I later on she was looking a little green, spinning the same yarn to a stranger that looked liked a trapped mouse digesting the idea that he may swallowed up by her cleavage and never make it to the history of gin class I am sure he was all too excited to attend.

Monday, July 6, 2009

Off to tales....

In the morning, earlier than I am used to, I am off to New Orleans. I don't know if I am quite cool enough to call it 'the big easy' or if that makes me too Scott Joplin.
Do people in New York call it the 'big apple'?
And, N'arlens? That's like over pronoucing taco bel grande at Taco Bell. I am not from said climate so I think I'll stick with "New Orlins" not quite as annoying as 'NEW Oarleeeeens'.
Now that nomenclature is out of the way... Katrina? I do have pre-Katrina memoroes of New Orleans, I spent a couple enibriant weeks there many years ago. In the thick of the media shots from rooftops I remember thinking to myself, it was so old and wet before how will it ever imerge from such a vile soaking? Alas it did, there seems to be an exhuberence, a born again feeling. I am not, mind you, speaking of politics or enequalility amongst rich or poor black or white, I am mearly making observation of the physical structures I saw drenched in brown river. I am not so ignorant to believe that anyone has taken a hard look at improving the standard of equality amongst men there in the swampy heat. That will take time, and things that take time need veneers, a certain " excuse our mess' 'business are still open during reconstruction' sign. The feeling is not as if nothing ever happened but that it did, and the same forces that made New Orleans great throughout its pre- Katrina history are in full effect to create a Post Katrina history as lively and alluring as ever.
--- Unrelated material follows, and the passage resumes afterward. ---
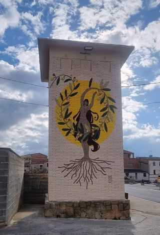 La artista plástica Isabel Elies ha pintado un mural de grandes dimensiones en uno de los centros de transformación que Endesa tiene en Cervià de les Garrigues (Lleida) y que ha cedido gratuitamente para poder plasmar el mural.

We will be at Tales of the Cocktail all week, I plan on keeping track of bites and sips and hopefully making out with some cute bartenders...

Bitters Project






Early this year we submitted three bitters recipies to the "barmade bitters challenge" sponsored by TRU Organic vodka . We have three finalist in the contest and will be in New Orleans for 'Tales of the Cocktail all this weel (July 8th through the 12th). So wish us luck.


Here's a site I found with a little bitters history and a pretty easy recipe for making bitters at home. The crazier ingredients can be found at most exotic herb stores. We got ours at Dandelion Botanical Co. in Ballard Try it at home.